Uncompromising emphasis on fault-tolerance 
Given the scale of our deployment, the relatively high complexity of our network stack when compared to currently-common deployments, the unreliability of Internet connectivity even when available, and perhaps most importantly our desire for participating countries to soon begin customizing the official OLPC OS images to best suit them, it is clear that our updater must be fault-tolerant. This is both in the simple sense -- cryptographic checksums need to be used to ensure updates were received correctly -- and in the more complex sense that the likelihood of a human error with regard to update preparation goes up proportionally to the number of different base OS images at play. A fault-tolerant updater will therefore allow _unconditional_ rollback of the most recently applied update. "Unconditional" here means that, barring the failure of other parts of the system which are dependencies of the updater (e.g. the filesystem), the updater must always know how to correctly unapply an applied update, even if the update was malformed.
Low bandwidth 
For much the same reasons (project scale, Internet access scarcity and unreliability) that require fault-tolerance from the updater, the tool must take maximum care to minimize data transfer requirements. This means, concretely, that a delta-based approach must be utilized by the updater, with a "keyframe" or "heavy" update being strictly a fallback in the unlikely case an update path cannot be constructed from the available or reachable delta sets.

Design

It is given, due to requirements imposed by the Bitfrost security platform, that a laptop will attempt to make daily contact with the OLPC anti-theft servers. During that interaction, the laptop will post its system software version, and the response provided by the anti-theft service will optionally contain a relative URL of a more recent OS image.

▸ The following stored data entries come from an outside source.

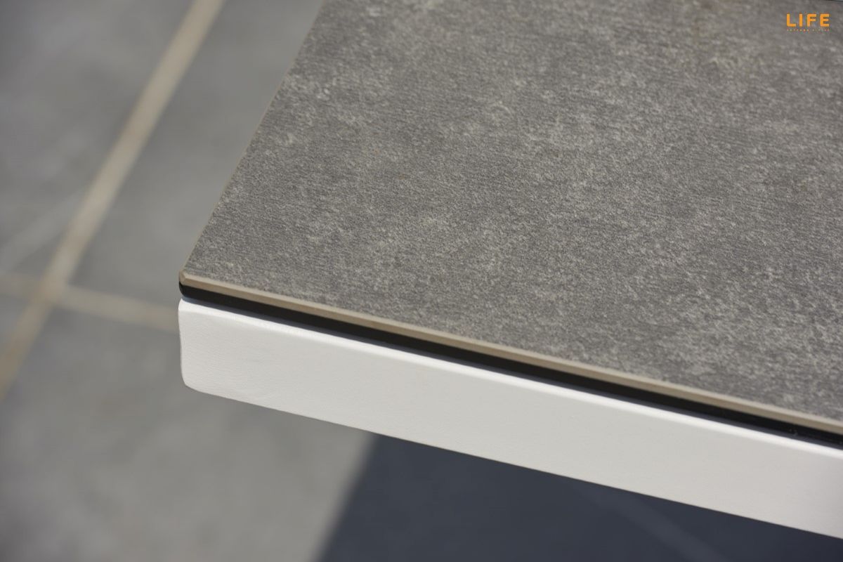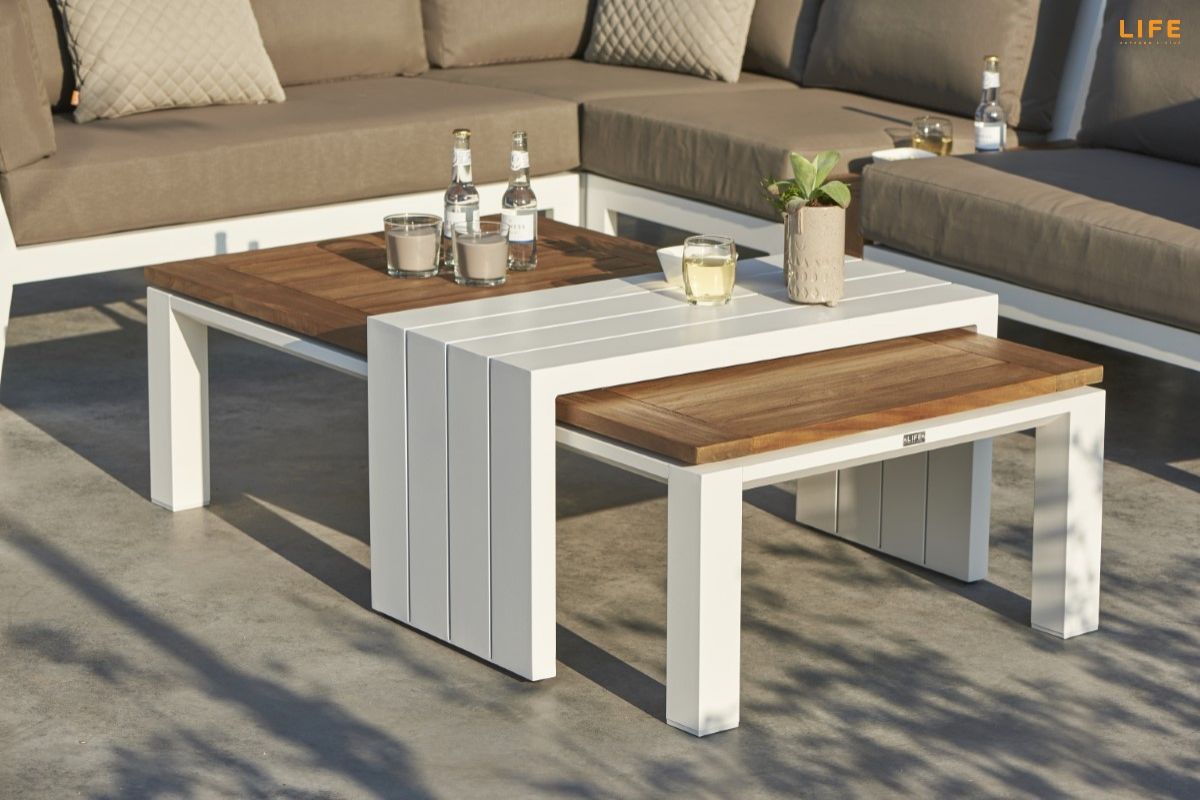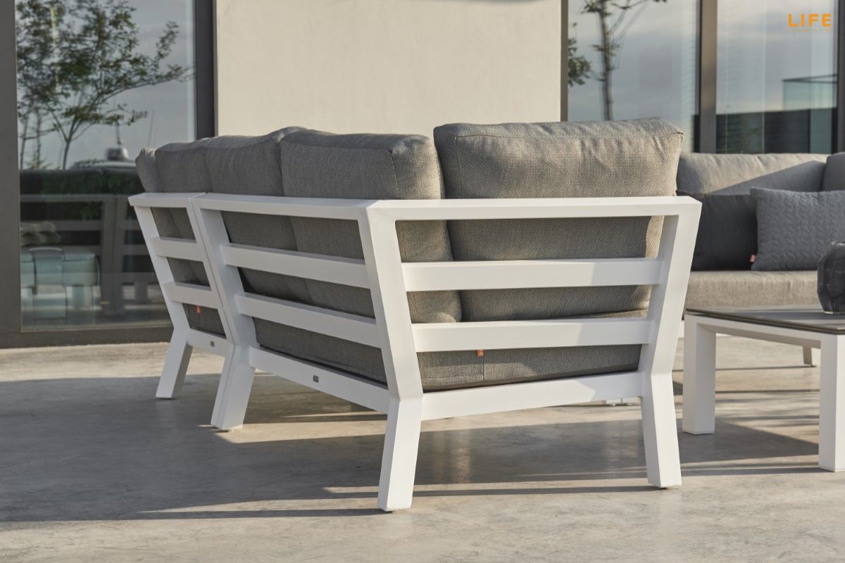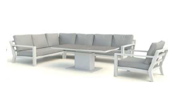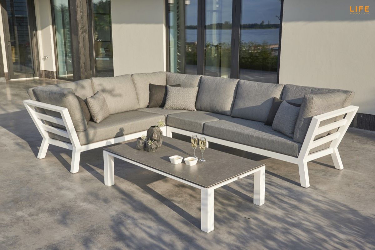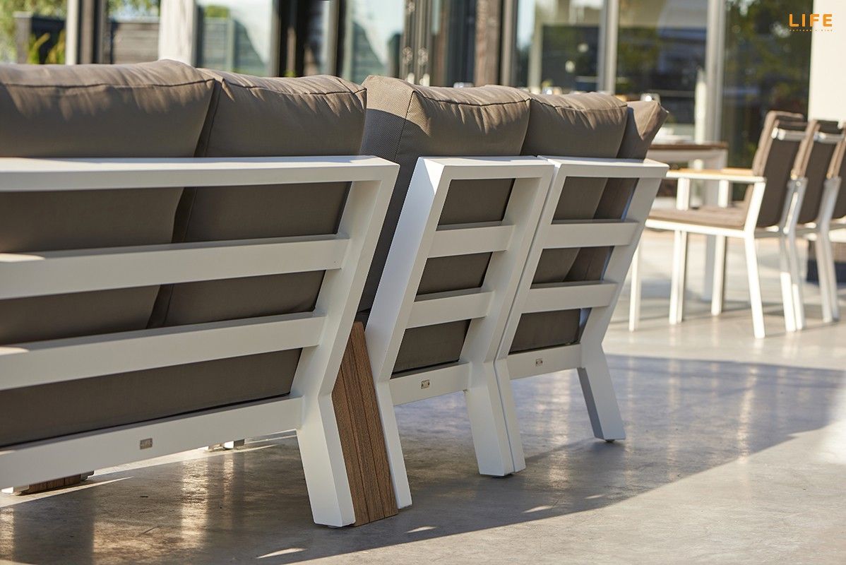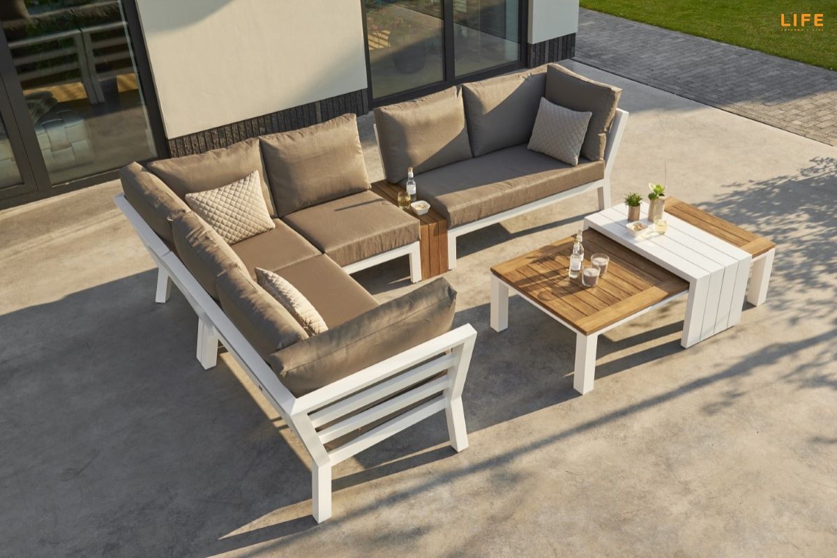 Krásná moderní rohová sedací souprava Timber Corner White bude zaručeně tím nejlepším společníkem pro Váš oddych po náročném dni. Sedací souprava má hliníkový rám, podsedáky a opěrkové polštáře jsou v šedém provedení Mist Grey Soltex odolné vůči všem typům počasí. Díky výškově nastavitelnému stolku Luka se můžete i pohodlně najíst, pokud si chcete vychutnat kávu nebo letní drink tak stolek jednoduše snížíte. Stolová deska je z ceramic concret look. Sedací souprava je dostupná i v antracitovém barevném prevedení. Pro aktuální dostupnost nebo více informací nás neváhajte kontaktovat.
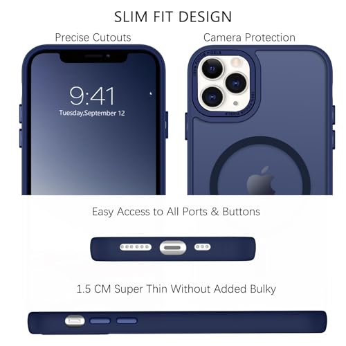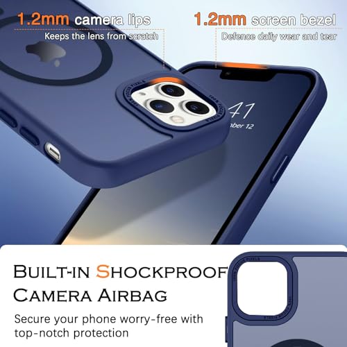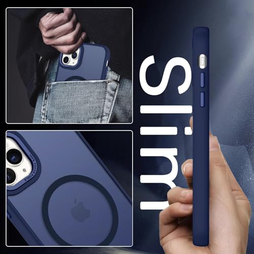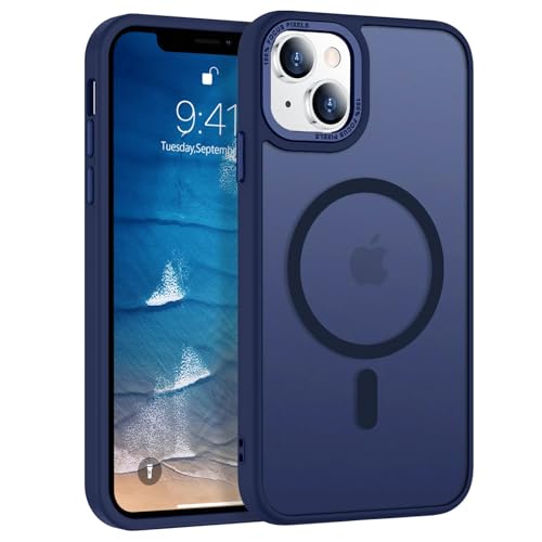 Dl3 Mobilak - جراب حماية شفاف مغناطيسي مطفي متوافق مع ماج سيف بتصميم رفيع وخفيف مضاد للصدمات يوفر حماية صلبة للموبايل مناسب لآيفون 15 مقاس 6.1 بوصة للرجال والنساء والبنات من دلع موبايلك (لون أزرق)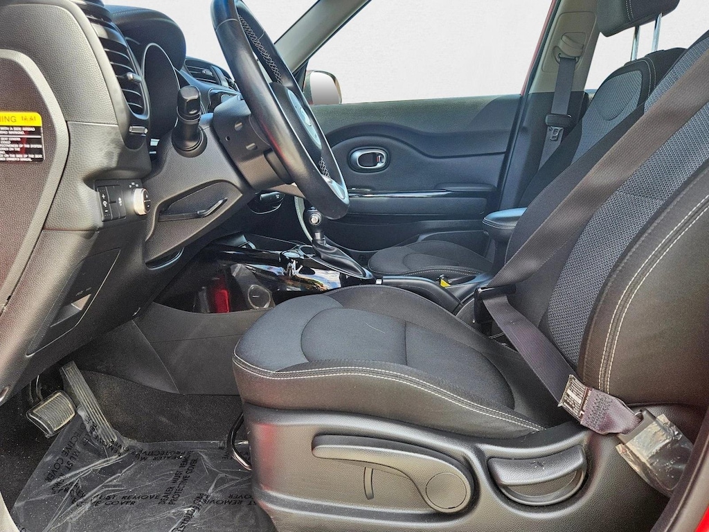 1-My son is 6ft7in, He fits fine in the soul, 2-Door upholstery cleans with free whips from Publics, 3-Seat comfort & adjustments are good, 4-Clearance off the ground - ie. some cars hit the curb when parking, 5-Has sporty tight suspension, handles well on roads, 6-Could have better gas milage=wife only drives automatic. 7-Last but not least: price under 20k. Wished I could add built-in rearview monitor on the base model. It is easy to get in and out of, is peppy enough to pass if needed, drives 85mph, has plenty of room, tight enough handling and VERY comfortable. Easy to park. Has blind spots on both rear sides. The bright color is easy for others to see. We all love this car every time we get in it!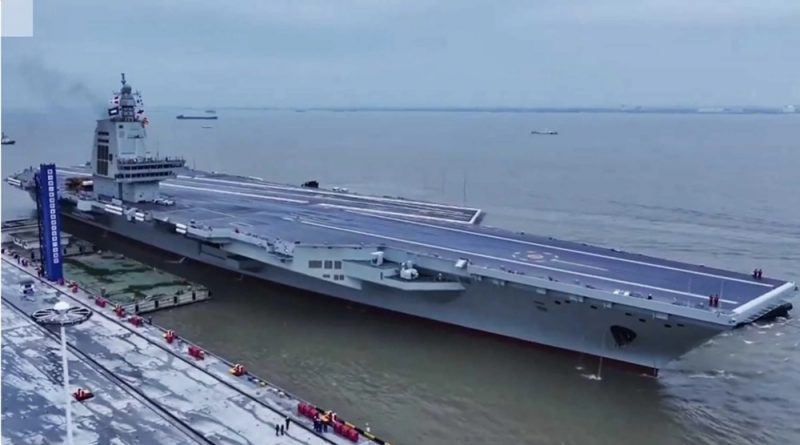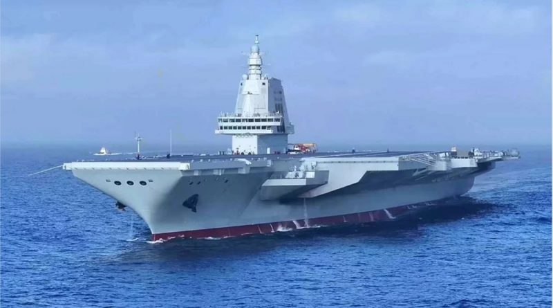 El nuevo portaaviones chino, Fujian, probado cerca de Taiwán en medio de crecientes tensiones.

If such a pointer has been received and the laptop is behind a known school server, it will probe the school server via rsync at the provided relative URL to determine whether the server has cached the update locally. If the update is not available locally, the laptop will wait up to 24 hours, checking approximately hourly whether the school server has obtained the update. If at the end of this wait period the school server still does not have a local copy of the update, it is assumed to be malfunctioning, and the laptop will contact an upstream master server directly by using the URL provided originally by the anti-theft service.

In any of these three cases (school server has update immediately, school server has update after delay, upstream master has update), we say the laptop has 'found an update source'.

Once an update source has been found, the laptop will invoke the standard rsync tool over a plaintext (unsecured) connection via the rsync protocol -- not piped through a shell of any kind -- to bring its own files up to date with the more recent version of the system. rsync uses a network-efficient binary diff algorithm which satisfies goal 3.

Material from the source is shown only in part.